### WORK TASK
Return every line of the records, exact and in full, until you have returned the line with "事实上,针对这个以安装次数为", and include none of the pictures.
=-=-=
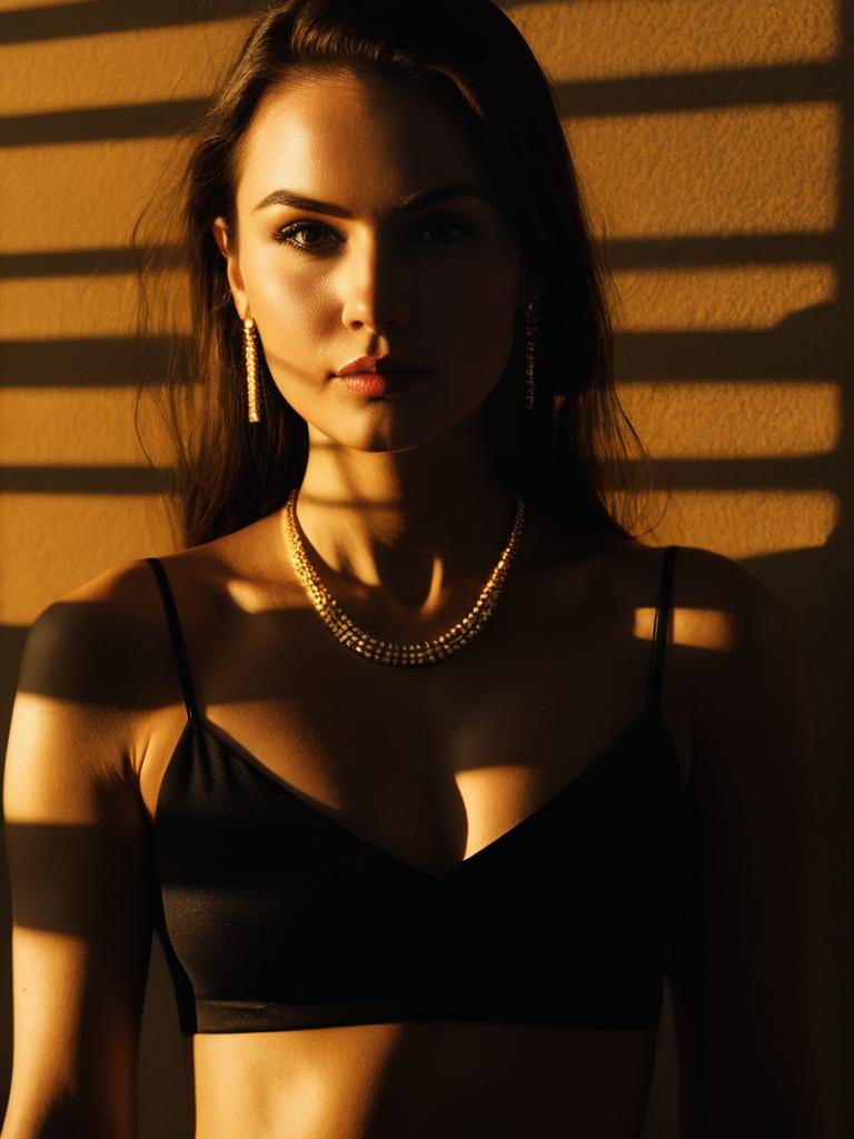 Woman in Navy Blue Sleeveless Dress with Sunlit Shadows
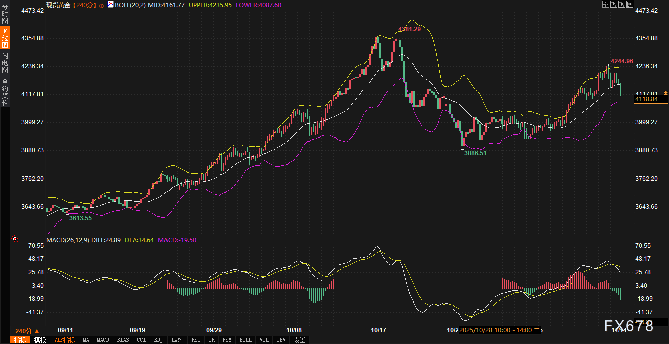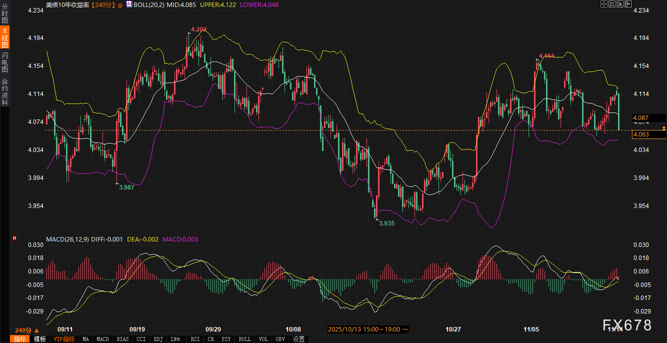 全球避险需求也支撑美债。地缘政治紧张与经济放缓担忧推动资金流入。芝加哥市宣布停止约100亿美元美债投资,但规模微小,未构成系统性影响。技术面看,10年期收益率跌破布林带中轨,MACD指标为负,下行动能仍存。支撑区间在4.00%-4.05%,阻力区间在4.12%-4.15%。
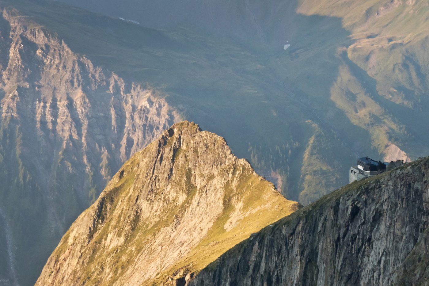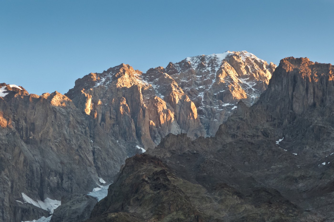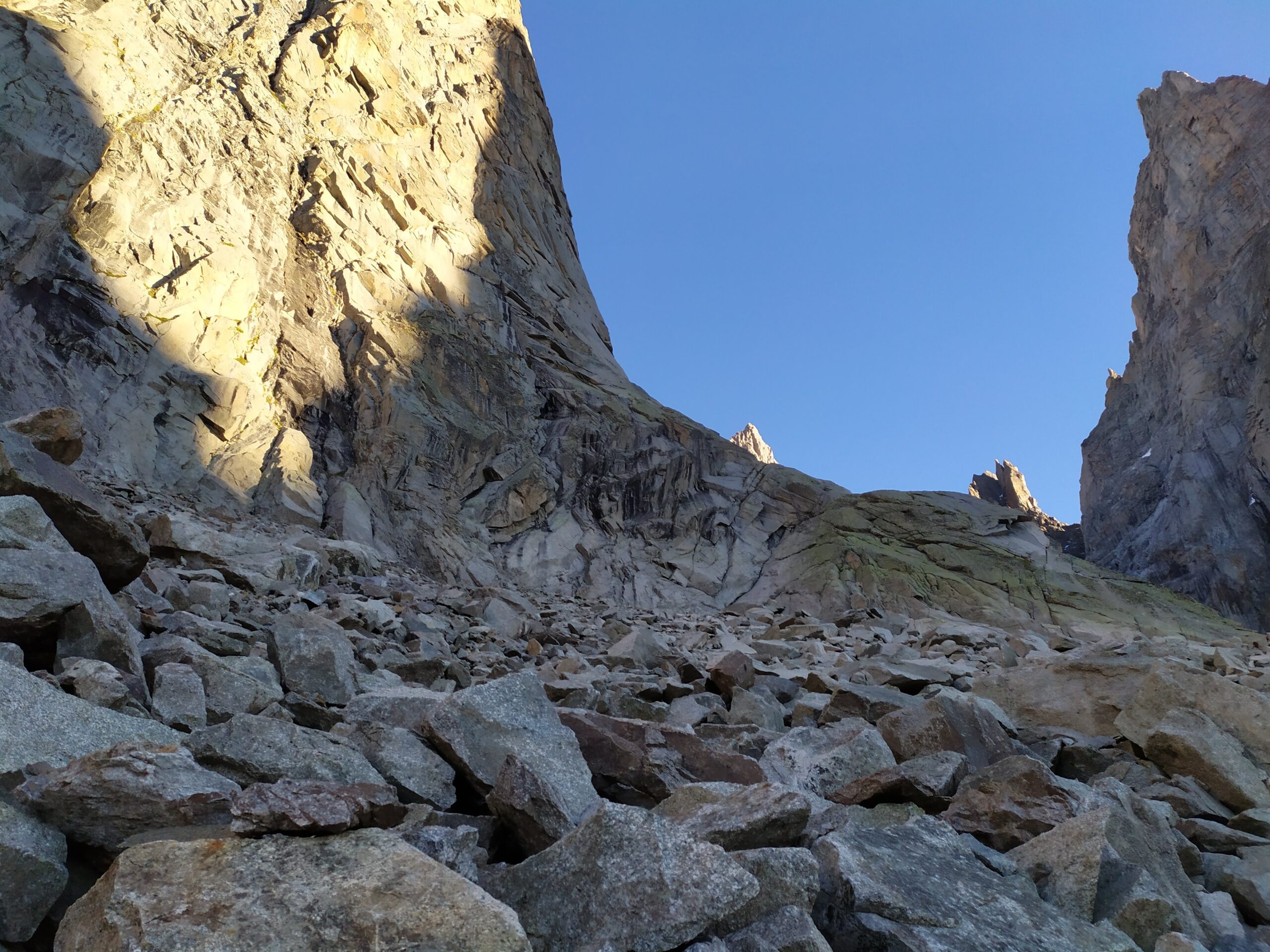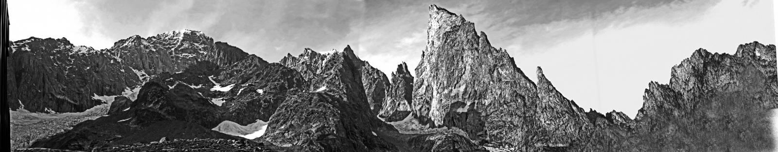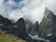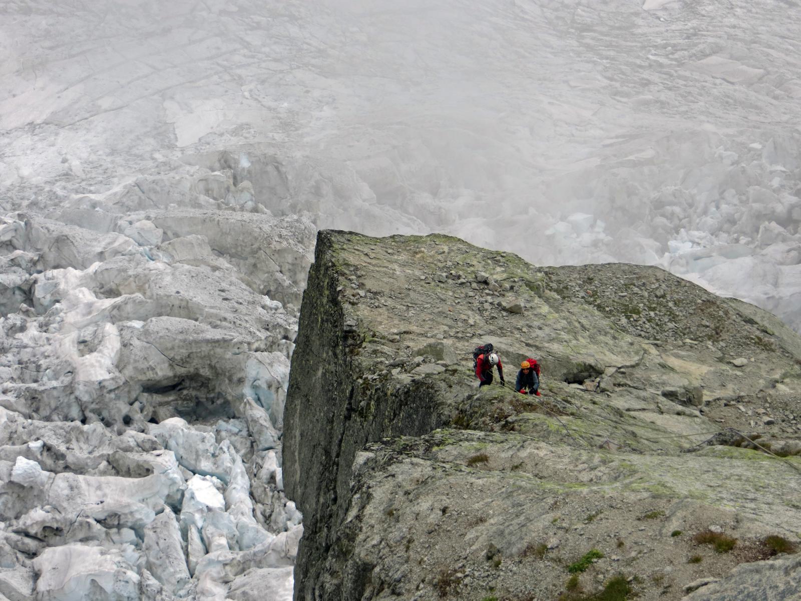 - L13+14: ancora per placche compatte, puntando ad un’evidente forcella, prima della quale si supera un piccolo salto verticale (III+/un passo di IV). 30+30m (eventualmente spezzabili in 2 tiri). La via storica di Ottoz-Hurzeler si ricongiunge alla sosta intermedia.
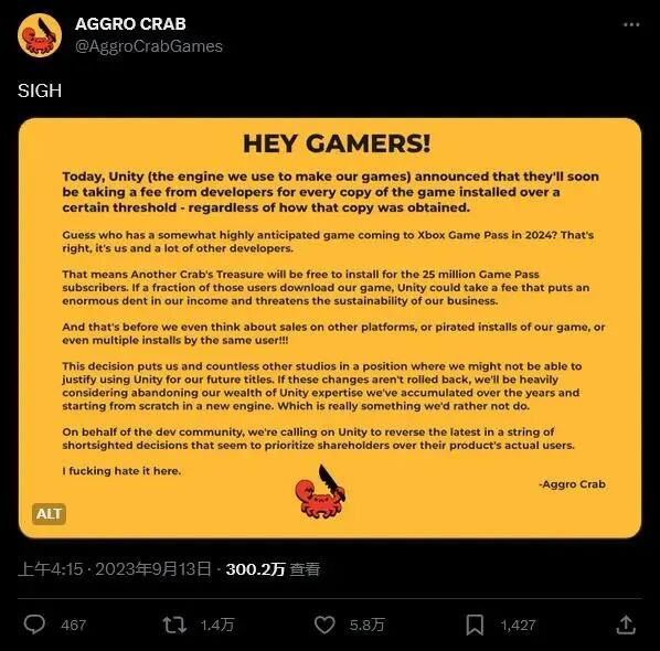 事实上,针对这个以安装次数为标准进行收费的模式,众多开发者除了强烈的不满外,同样也表达了对Unity官方的诸多疑问。比如部分开发者就明确表示自己的游戏在制作完成并发布后,将会同步登录XGP,这种情况下势必会让安装人数和游戏人数有所增加。这原本是一件好事,但如果需要为此向Unity支付额外的费用,那选择登录XGP可能会成为一个不折不扣的“馊主意”。
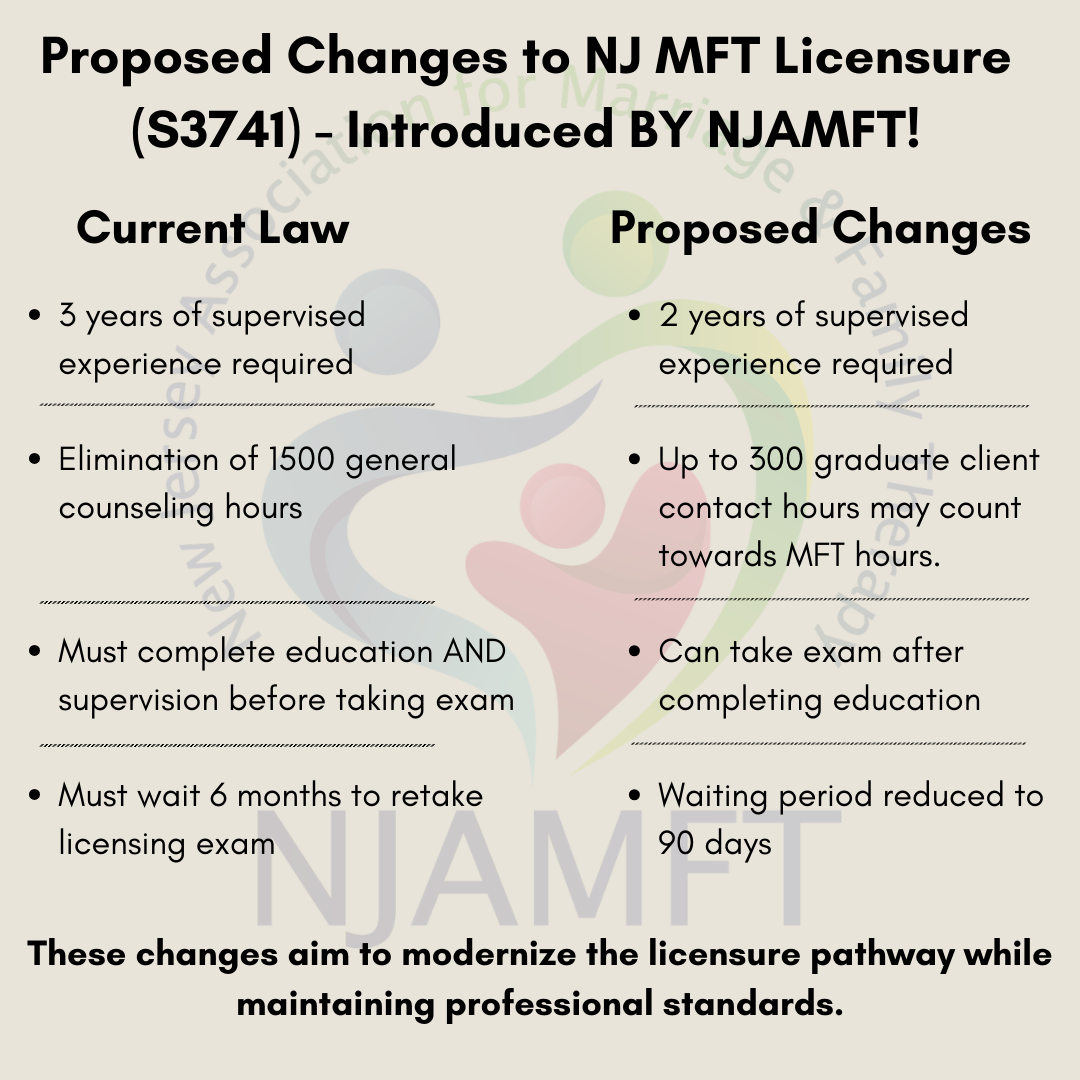 We are pleased to share that with the support of AAMFT, NJAMFT has worked with legislators to introduce Senate Bill S3741, legislation designed to modernize the licensure pathway for Marriage and Family Therapists in New Jersey.
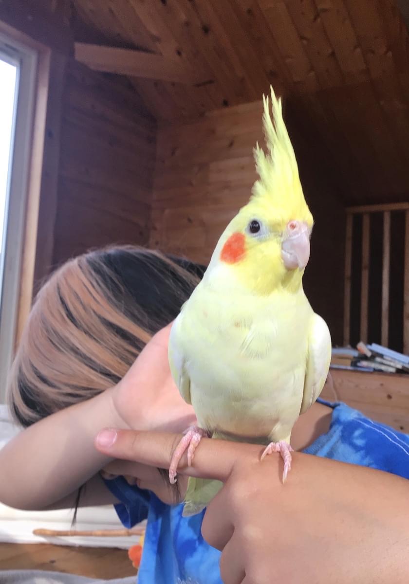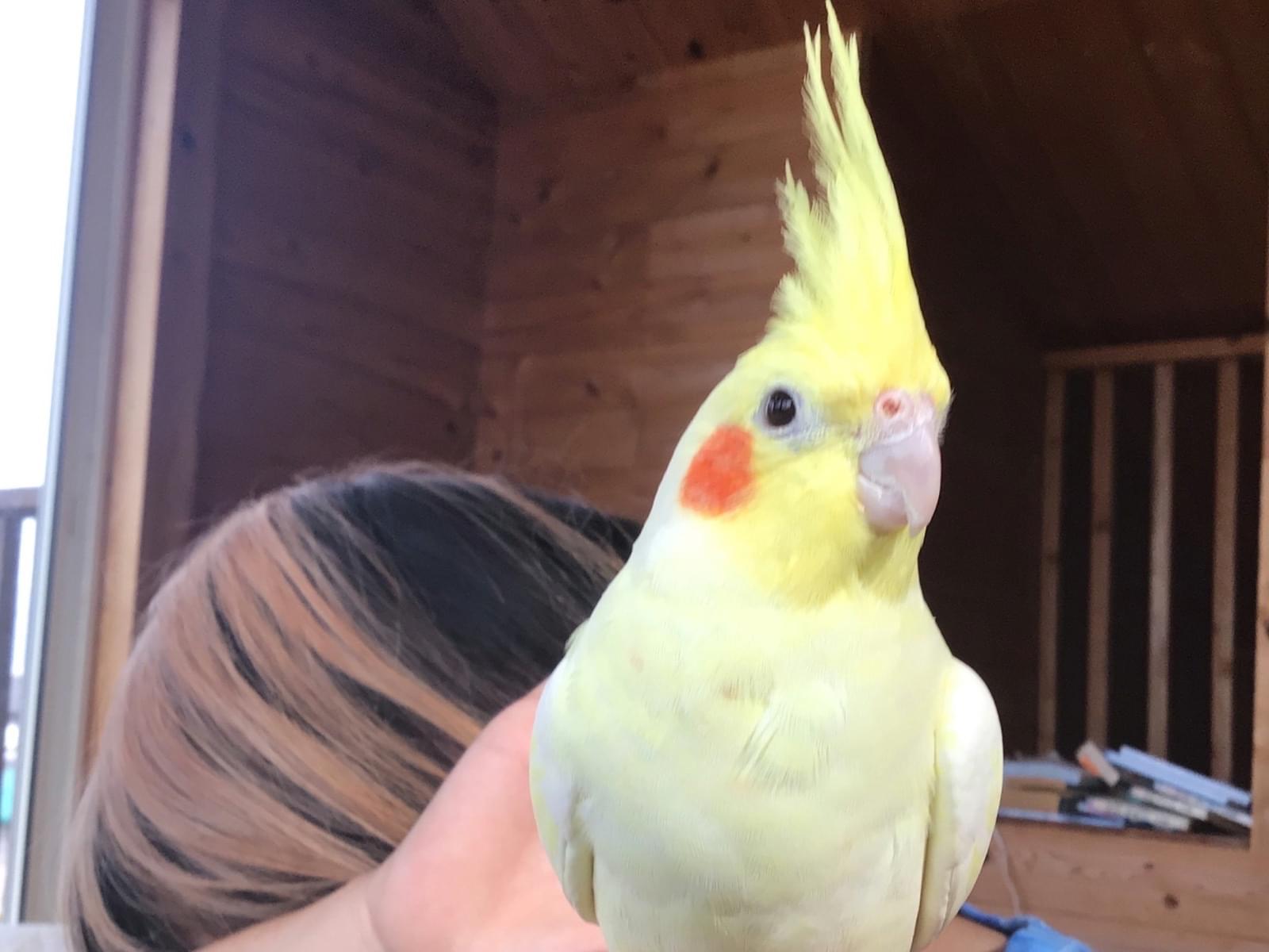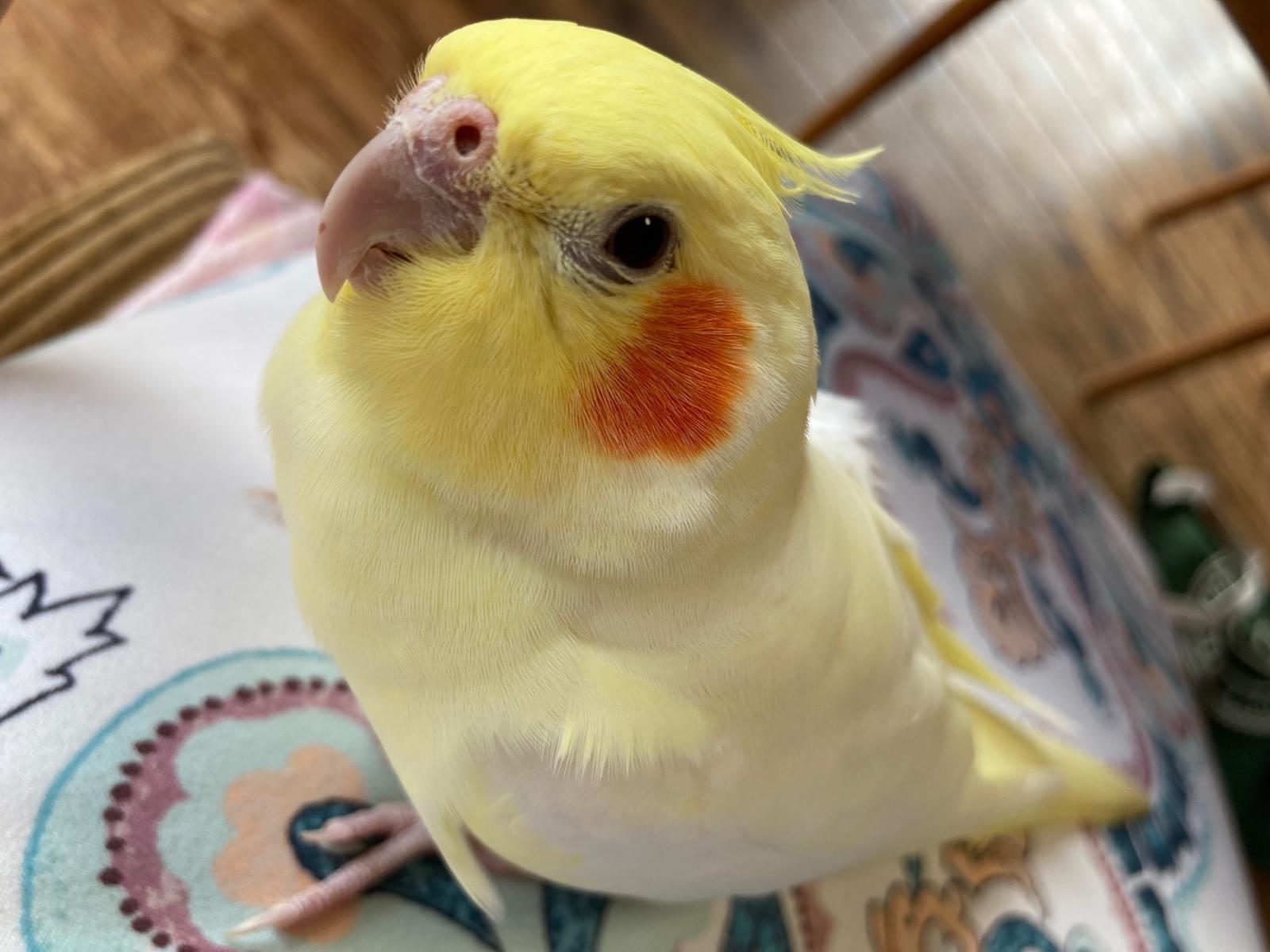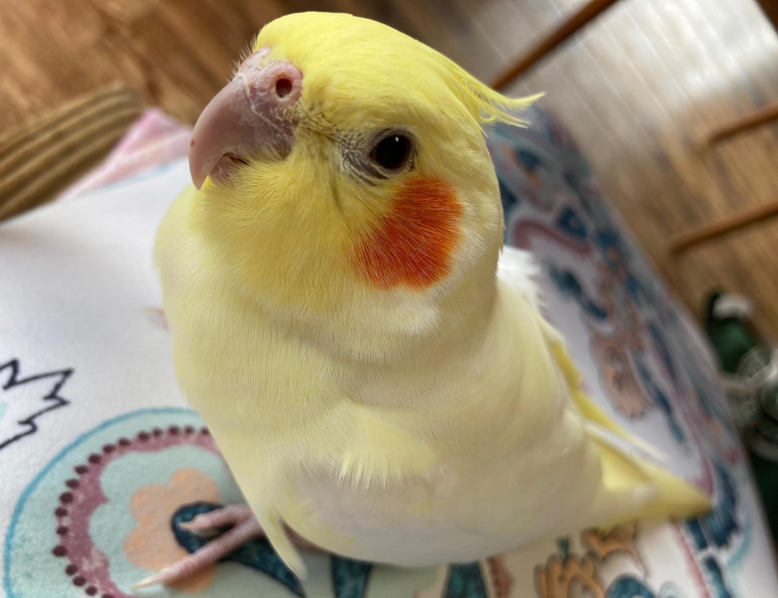 体は黄色、ほっぺがオレンジのオカメインコを探しています。
=-=-=
### ANSWER AREA
 Woman in Navy Blue Sleeveless Dress with Sunlit Shadows
 全球避险需求也支撑美债。地缘政治紧张与经济放缓担忧推动资金流入。芝加哥市宣布停止约100亿美元美债投资,但规模微小,未构成系统性影响。技术面看,10年期收益率跌破布林带中轨,MACD指标为负,下行动能仍存。支撑区间在4.00%-4.05%,阻力区间在4.12%-4.15%。
 - L13+14: ancora per placche compatte, puntando ad un’evidente forcella, prima della quale si supera un piccolo salto verticale (III+/un passo di IV). 30+30m (eventualmente spezzabili in 2 tiri). La via storica di Ottoz-Hurzeler si ricongiunge alla sosta intermedia.
 事实上,针对这个以安装次数为标准进行收费的模式,众多开发者除了强烈的不满外,同样也表达了对Unity官方的诸多疑问。比如部分开发者就明确表示自己的游戏在制作完成并发布后,将会同步登录XGP,这种情况下势必会让安装人数和游戏人数有所增加。这原本是一件好事,但如果需要为此向Unity支付额外的费用,那选择登录XGP可能会成为一个不折不扣的“馊主意”。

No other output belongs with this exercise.